Франка поворачивается, смотрит на него. От счастья она не может вымолвить ни слова. Они целуются на глазах у всех.

* * *

Сирокко, первый весенний ветер в Палермо, как пощечина. Он приносит жару и тяжелую влажность. Это чувствуется с самого утра, когда кажется, что простыни прилипли к телу, а по спине стекает ручеек пота. Ты распахиваешь окно и видишь, что ветер сменился. Небо в дымке, а воздух кажется неподвижным.

Иньяцио жарко в карете, везущей его на пьяцца Марина. Он обмахивается носовым платком, вытирает пот. Он ненавидит жару.

Такой жаркий день лучше всего провести в море, на яхте «Фьерамоска», которую Иньяцио купил после смерти отца. Она обошлась ему недешево. «Пустая трата денег», – сказала мать, но судно того стоило. Правда, у них уже была «Султанша» – огромная, с белым корпусом, – он катал на ней красавицу-жену. Эту яхту Иньяцио купил вместо «Куин Мэри», которая устарела и была продана одному тосканскому маркизу.

По правде говоря, он заказал еще стальной паровой катер «Аретуза» и купил «Валькирию» – гоночную яхту с вытянутой носовой частью и тонким корпусом: она летала как ветер! Эту яхту он приобрел у двоюродного брата императора Франца Иосифа, эрцгерцога Карла Стефана Австрийского, и на ней собирался участвовать в самых важных парусных регатах Средиземноморья. Не мог же он все время проводить в конторе – странно, что ни мать, ни Джованни Лагана, ни Доменико Галлотти этого не понимают.

Кстати, эти двое «срочно» вызвали его в контору!

Как же они надоели!

Лагана и Галлотти не оставляли его в покое даже во время медового месяца: бумаги, письма, телеграммы… Неужели им невдомек, что ему нужно что-то еще, что он не может все время сидеть в кабинете? Он хочет быть свободным. Хочет жить. Он не желает повторить путь отца. Тот всю жизнь работал и умер в возрасте пятьдесят с небольшим, думает Иньяцио, не скрывая раздражения.

Временами он чувствует глухую злость на отца за то, что тот так рано ушел, что Иньяцио пришлось взять на себя все заботы, все обязанности, и это мешало ему жить по-настоящему. Все это ему ненавистно.

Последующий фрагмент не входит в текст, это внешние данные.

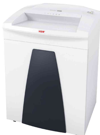
Destructeur de documents HSM SECURIO B35

- adapté pour plusieurs personnes dans un bureau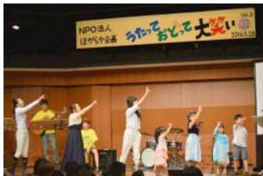
「手話歌」と生演奏のステージは ～dream☆姫～

今回は、この元気で素敵な子どもたちと、広がった団体や地域の方々と一緒に“子どもも大人もみんなが主人公になって会場いっぱい歌と踊と大笑いの楽しい劇を企画しました！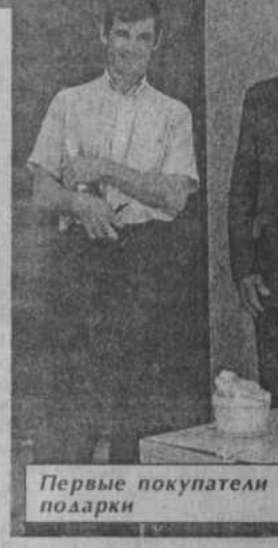
Первые покупатели получили подарки

яры что он поведет: До сегодняшнего времени мы работали на протяжении последних 5 лет в здании универмага. Народ Хайбуллинского района нас знает. А с этого дня мы начинаем работать на более высоком уровне. Обеспечить качественный сервис торгового обслуживания наших покупателей — вот наша основная задача. Мы предоставляем жителям Акъяра и всего района большой ассортимент товаров, чтобы дать возможность каждому выбрать нужное по душе и по цене. Я думаю — это немаловажный фактор, так как люди на селе имеют право на такой же широкий выбор качественной техники, как и городской житель. В отличие от известных торговых сетей, мы работаем на месте. У нас нет вышестоящих руководителей, поэтому с каждым клиентом мы работаем индивидуально. В связи с предоставленной возможностью хочу поздравить всех хайбуллинцев с 75-летием района и пожелать им здоровья, благополучия и мира. Будем рады видеть всех в нашем магази-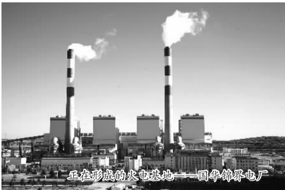
正在形成的火电基地——国华锦界电厂

商形势严峻等不利因素，榆林全市上下坚持“抓招商就是抓发展、抓项目就是抓转型”的理念，进一步创新招商方式。一方面，榆林招商部门主动出击，寻求商机，不断“走出去”让招商工作风生水起。另一方面，榆林毫不放松在“请进来”上努力，去年先后接待商务洽谈130批500多人次，为榆林全方位、宽领域、多渠道招商创造了条件，奠定了基础。思路创新让招商引资工作不断迈上新台阶。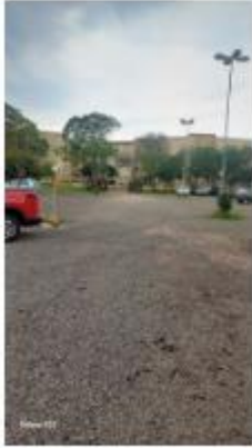
entrada do caminhão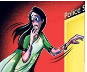
માનસિક ત્રાસ આપવા લાગ્યા હતા. પરંતુ તેણે પતિ પર સંસાર ચલાવવા હવે જેથી તે આ મૂળા મોઢે મહાન કરતી હતી. સાસરીયાઓને અવારનવાર દેહેજ આવતે પરિણીતાને હેરાન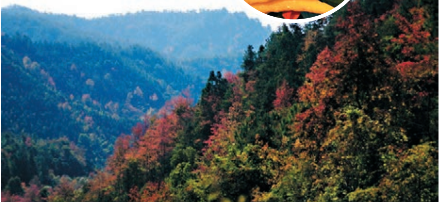
■新豐雲髻山的秋葉一片片紅燦燦。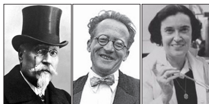
José Echegaray (1832-1916), Erwin Schrödinger (1887-1961) y Rosalyn Yalow (1921-2011).

Error: nosotros, que por ser tronco aportamos la savia a todo el árbol, somos los únicos que tenemos control total sobre él, hasta incluso para alimentar a sus frutos. Esa es nuestra fortaleza, como también ser los únicos que saben cómo está conectada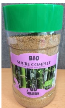
sucré de canne biologique complet Colombie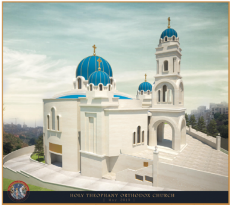
HOLY THEOPHANY ORTHODOX CHURCH [ May 2019 ]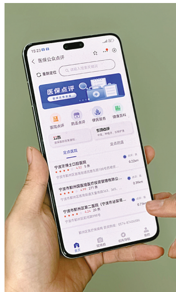
参保人就诊后，登陆“医鄞保点评”系统对医院进行点评。

定点医药机构数量占全市20%，拥有全市最多的定点医疗机构和零售药店，面对大量医保基金使用主体，鄞州区采用“协议管理+行业自律+查漏补缺”的形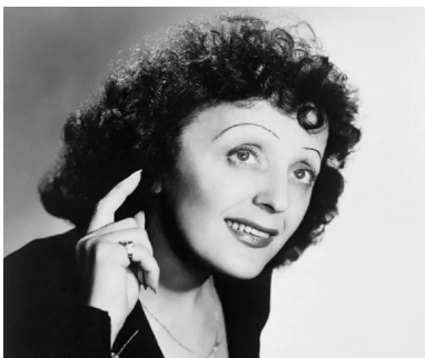
1- Édith Piaf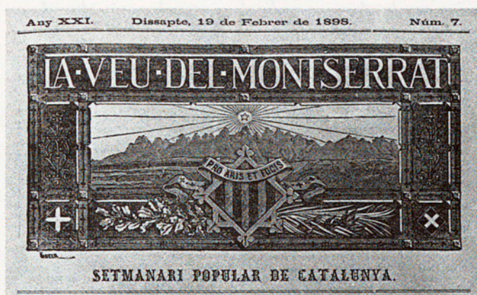
CAPÇALERA DE «LA VEU DE MONTSERRAT» QUE VA PARTICIPAR ACTIVAMENT EN LA CAMpanyA A FAVOR DE LA RESTAURACIÓ DEL MONESTIR

Segons Collell, el papa s'interessà vivament per la restauració de Ripoll i s'oferí a contribuir-hi personalment tot encapçalant la llista dels benefactors amb un donatiu important: un magnífic mosaic de la Verge per al nou retaule del temple restaurat. Tanmateix, no passà per alt al perspicaç canonge el recel amb què Lleó XIII considerava l'actuació catalanista de Collell i de Morgades. El pontífex li manifestà obertament els seus temors que els ideals que guiaven aquesta actuació fossin desvirtuats "y'l moviment [catalanista] des-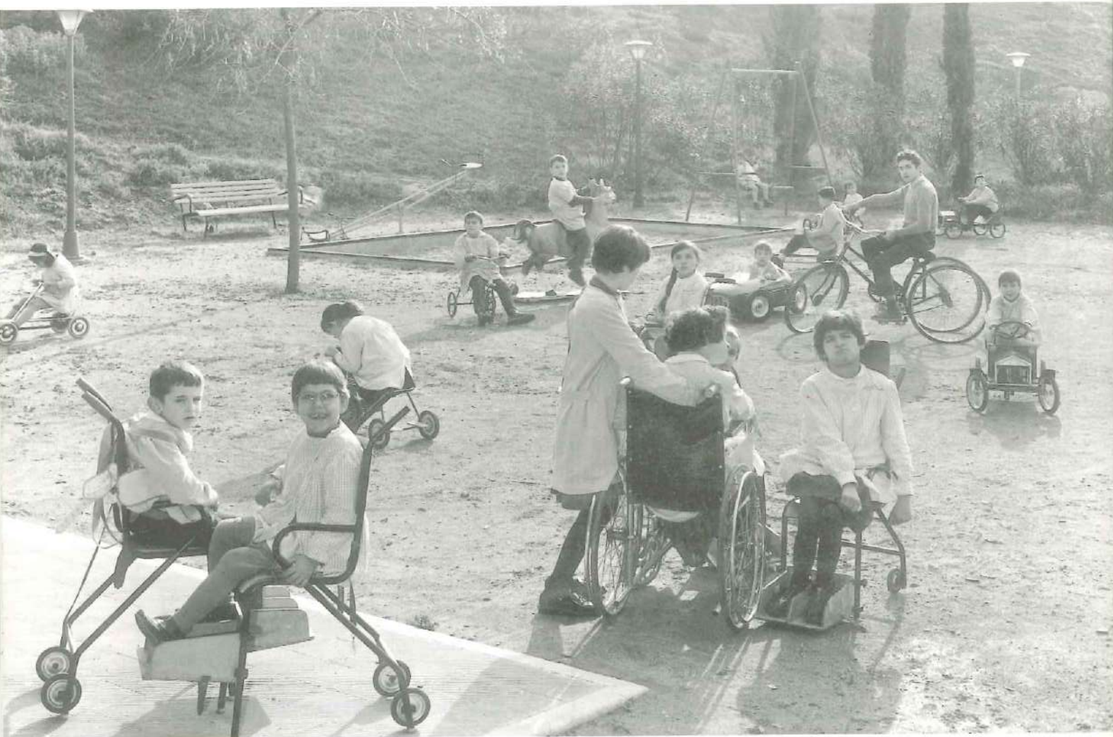
Inicis del centre pilot. Pati.

Si coneixes algú de la foto ens ho fas saber ... Escriu a l'adreça de correu electrònic o truca'ns.

В нетерпении он отодвигает занавеску на окне кареты: они едут по узким улочкам квартала Борго Веккьо в Старом городе, рабочие и портовые грузчики приветствуют его с почтением.

– Ассаббинирика, Бог в помощь, дон Иньяцио, – раздается в переулках.

Худые, впалые лица бедняков, рано состарившиеся женщины, большеглазые, голодные дети играют на улицах. Запах тухлой рыбы пробирается в ноздри, смешивается с запахом мусора, гниющего на улицах и в сточных канавах.

Однако эти люди, похоже, вони не замечают. Кто-то из них работает на Флорио, думает Иньяцио, но кто именно, он не знает. Отец, напротив, знал всех и каждого в лицо, рабочие его уважали и ценили.

Зачем? Какой смысл? – спрашивает он себя, вяло отвечая на приветствия. Ему не нравится этот район, грязный, нищий, полный отчаяния. Если честно, ему не нравится Палермо, этот Палермо. Ему нравятся элегантные виллы в пригороде, бальные залы во дворцах аристократов, фойе театров. Он любит Лондон и Париж, Французскую Ривьеру, тишину австрийских гор.

Он любит стоять на палубе яхты, подставив лицо ветру.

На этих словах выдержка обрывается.